Brothers? she wondered. Do youkai have brothers? Families? The two youkai seemed identical as their stared at the land. Then the one on the left turned toward her, and she saw that his face bore stripes like claw marks, and on his forehead was a deep blue crescent moon.

* * *

"Your human is awake," Sesshoumaru said coolly, glancing at Tomiko's round, staring eyes. "What a scrawny thing. She looks like she's barely old enough to stand on her own."

"She's actually not much younger than you, pup," Inutaisho warned. "Don't age yourself beyond your years."

Sesshoumaru, still very young sometimes, tried to ignore the jibe but ended up blushing anyway. "This Sesshoumaru will leave now," he said. "But Father, know this: the youkai have no use for one who chooses a human over his own family. Even if Inuaoiryu was out of place in his attack, if anyone connects your taking of the girl with his destruction, your lives will be in danger." 

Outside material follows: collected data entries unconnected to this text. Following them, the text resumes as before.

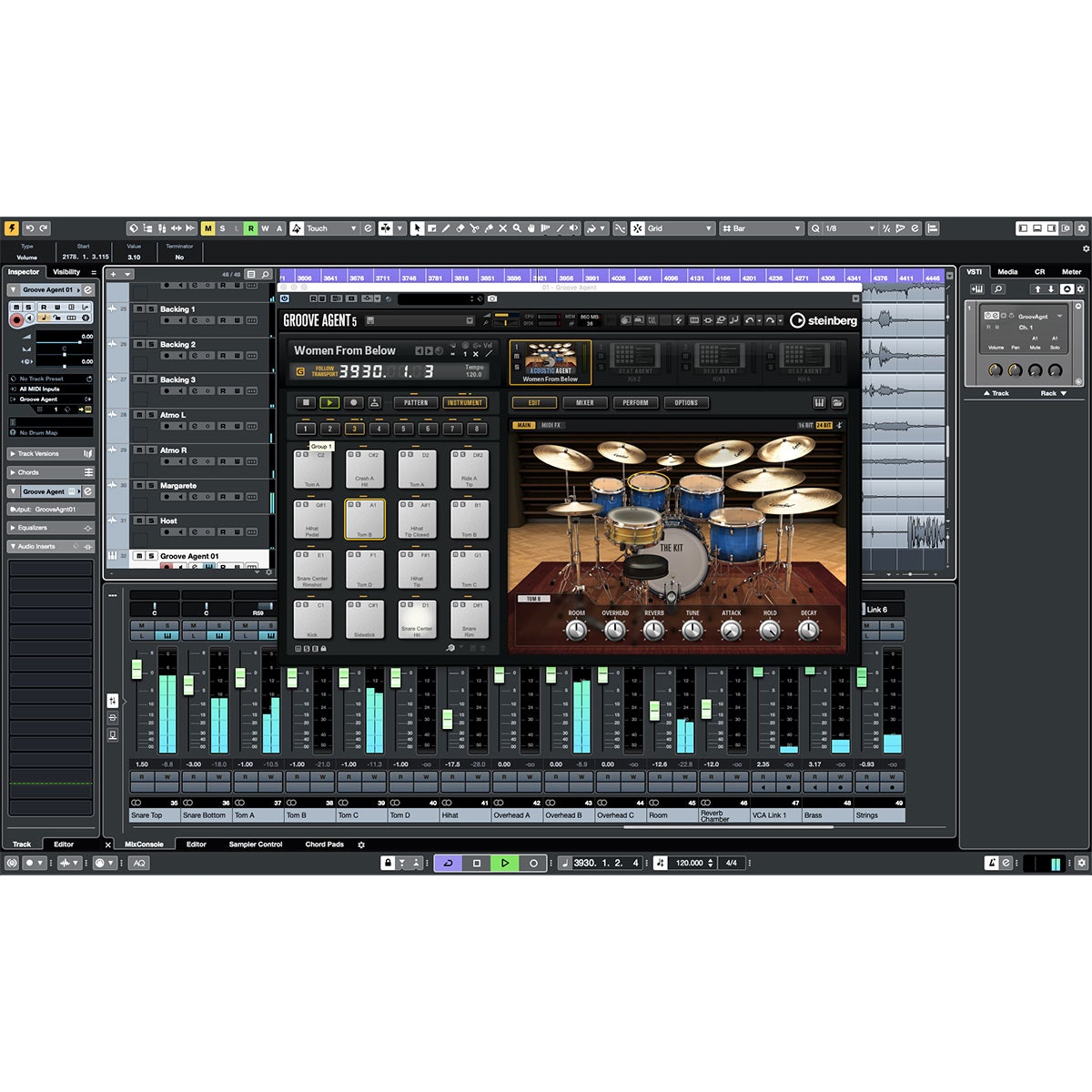 Groove Agent 5 is the ultimate drum studio virtual drumming instrument for producers songwriters working in any modern musical style. This unique instrument combines three specialist rhythm modules in one: craft dazzlingly authentic drum tracks, produce dancefloor-filling beats design slinky percussive grooves with a dedicated Agent for each task; combine up to four Agents for a new experience in rhythm creation. Groove Agent 5 includes a huge sound library of over 22,000 samples more than 3,800 patterns, a vast array of specialist editing tools, Style Player, the handy Jam mode, full integrated mixing board much, much more.
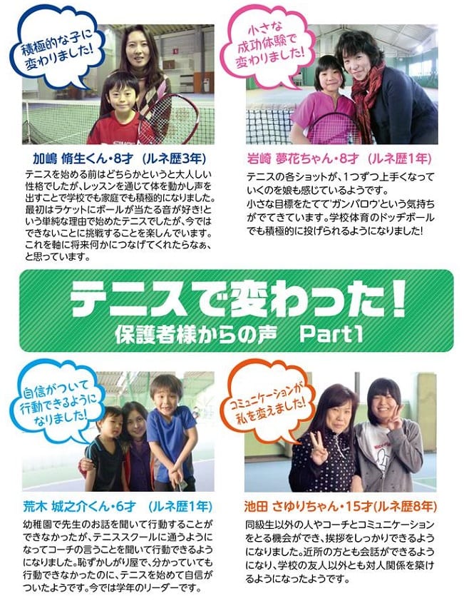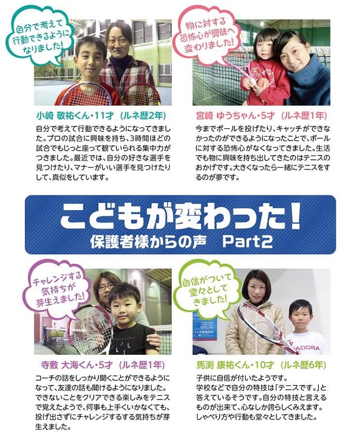 テニス上達のカギは、正しいフォームを安定的に身につけること。 レッスン中に撮影した動画をその場で確認し、一人ひとりに応じた的確なフォーム修正を行うことで、従来よりも格段に効率よく上達することができます。撮影したデータはその場で確認できるので自分ではわかりにくいフォームのクセも、すぐに把握することができます。コーチと一緒に、その次のプレーから改善を意識した練習が可能になります。
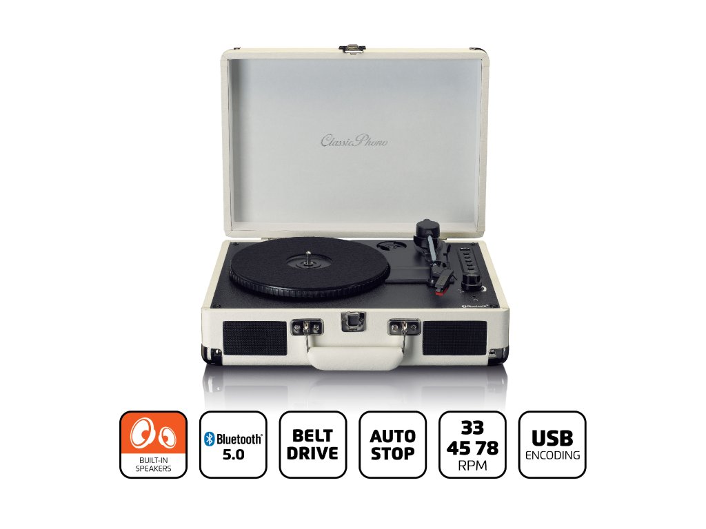 Vychutnejte si svou oblíbenou hudbu se stylovým retro gramofonem Lenco TT-115CR Bluetooth® s reproduktory. Tento praktický kufříkový retro gramofon nepřehrává jen vaše vinylové desky. Umožňuje streamovat vaše oblíbené skladby do vestavěných reproduktorů pomocí telefonu nebo tabletu. Přehrávanou hudbu je navíc možné nahrávat přímo na USB. Klíčové funkce: - Vychytávky pro přehrávání hudby z gramofonových desek: • Bluetooth® přehrávač s reproduktory • Praktický, kompaktní a přenosný kufříkový gramofon • Díky vestavěným reproduktorům si můžete hudbu vychutnat okamžitě, nejsou potřeba žádné další reproduktory • Snadné a rychlé streamování oblíbených seznamů skladeb díky připojení Bluetooth® 5.0 • Nahrávejte hudbu na paměťové zařízení USB, ať už přehráváte přes vinyl, Bluetooth® nebo připojení AUX • Díky vynikající kvalitě zvuku si vaše vinyly přijdou na své • Součástí balení je adaptér na 45 otáček za minutu a síťový adaptér s kabelem o délce 1,5 metru / 5 stop. Vše v jednom: Kufříkový přehrávač s reproduktory Lenco TT-115CR je tzv. kufříkový gramofon. Jedná se o přenosný gramofon ve tvaru kufru. Snadno se přenáší a používá. Otevřete retro kufřík a okamžitě si poslechněte svou oblíbenou hudbu na vinylu prostřednictvím integrovaných reproduktorů. Je to skutečně univerzální gramofon. Nepotřebujete žádné samostatné reproduktory. Pevné pouzdro s rukojetí zajišťuje optimální ochranu vašeho gramofonu. Přehrávání vinylů, streamování a mnoho dalšího Přehrávač Lenco TT-115CR lze používat různými způsoby. Kromě jednoduchého přehrávání oblíbených desek můžete také streamovat své seznamy skladeb prostřednictvím chytrého telefonu. Je vybaven technologií Bluetooth® 5.0, která zajišťuje rychlé připojení a bezproblémové přehrávání hudby. Gramofon s rozhraním Bluetooth® můžete také připojit k hi-fi soupravě prostřednictvím vstupu AUX-IN. Pomocí výstupu RCA lze přímo připojit stereofonní systém. Gramofonový předzesilovač není nutný. Jednoduše připojte sluchátka a vychutnejte si nádherný zvuk, tiše a nerušeně. Tento gramofon s technologií Bluetooth® je k dispozici v černé a krémové barvě. Technické specifikace : • Rychlost přehrávání 33, 45 a 78 otáček za minutu • Systém Autostop • Výstupy: RCA výstup 3,5 mm / 0,14" konektor pro sluchátka • Vstupy: Vstup AUX 3,5 mm / 0,14 palce • 2 x 2 W max. 11,5 x 35 x 28 cm / 0,5 x 1,4 x 1,1 palce • Keramická stereofonní kazeta s jehlou • Skříňka z MDF s povrchovou úpravou z umělé kůže Co je součástí balení? • Gramofon TT-115CR s Bluetooth® • Adaptér na 45 otáček za minutu • Síťový adaptér • Příručka v NL/EN/DE/FR/ES
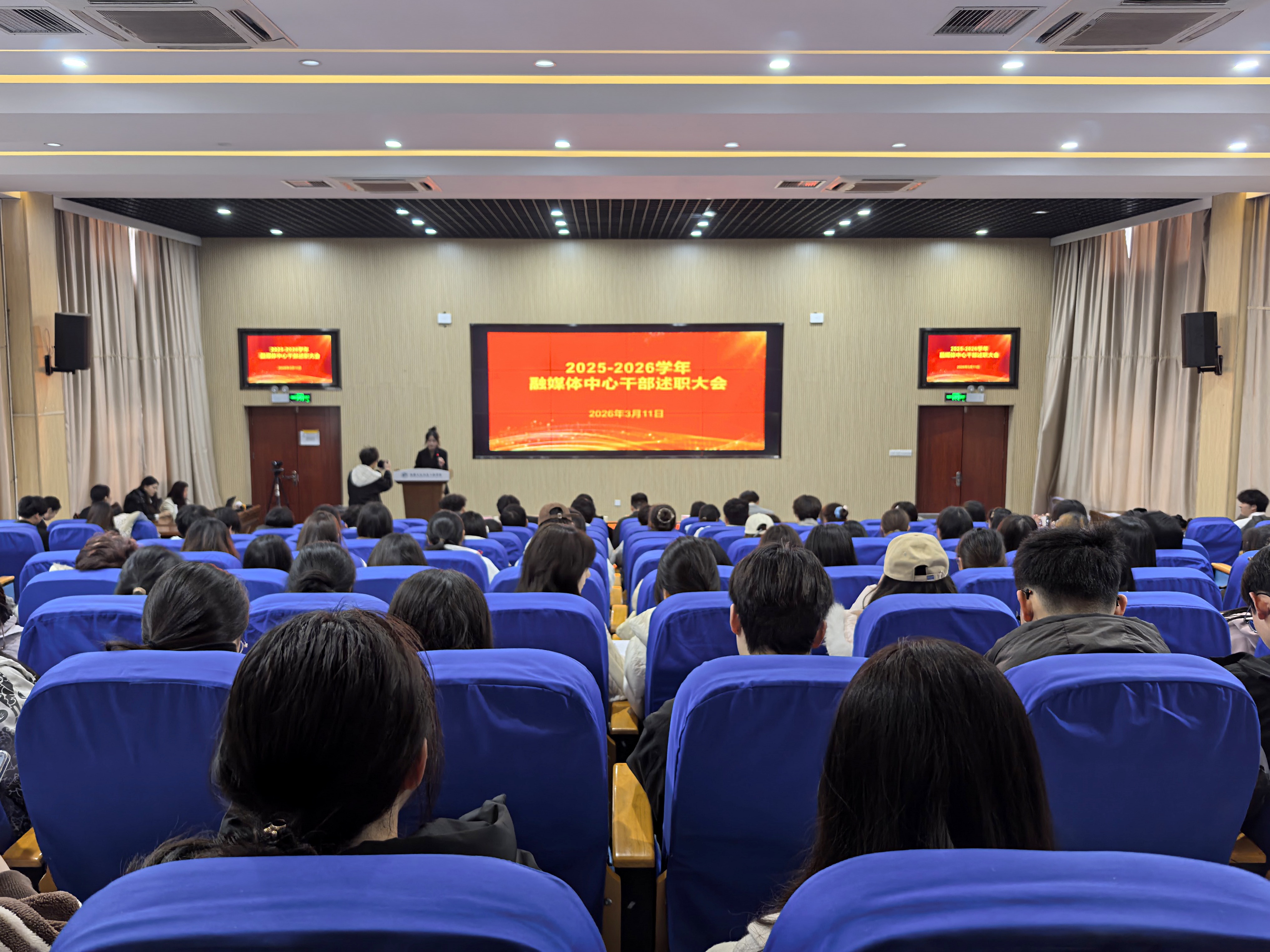 3月11日,学校融媒体中心2025-2026学年干部述职大会在文鼎楼多功能厅召开。校党委委员、党委宣传部部长沈宗平,融媒体中心指导老师方丹、徐子韦,融媒体中心全体成员参会。会议由融媒体中心负责人徐文静主持。
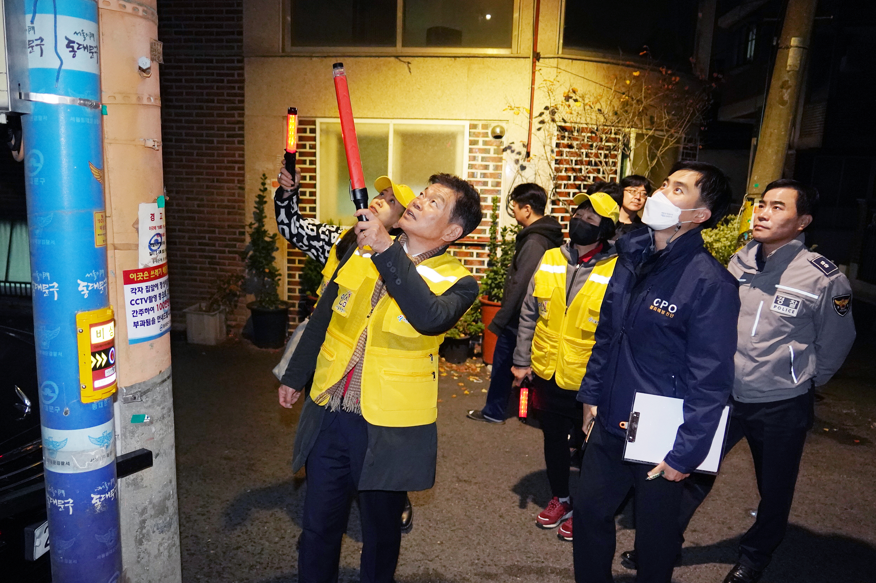 ▲안심귀가 스카우트 대원, 경찰과 합동순찰을 하고 있는 이필형 동대문구청장

With that, the younger youkai walked to where he had parked his chariot, and it rose from the rocky hill in a swirling cloud of air, pulled a lesser dragon demon. Sesshoumaru could not fly like his father. Inutaisho watched his son until he disappeared, then went to find Tomiko, who was still peering out of the cave mouth, her eyes and mouth perfect Os.

Inutaisho greeted her with a smile. "My method of transportation is a bit more humble than Sesshoumaru's," he said, not wanting to explain exactly who the other youkai was at the moment. Someday, of course, he'd tell her about Sesshoumaru, but for now, it was too delicate a situation. The great clan of inu-yokai wasn't the most accepting lot. "However, my lady, would you like to take a tour of my kingdom today?"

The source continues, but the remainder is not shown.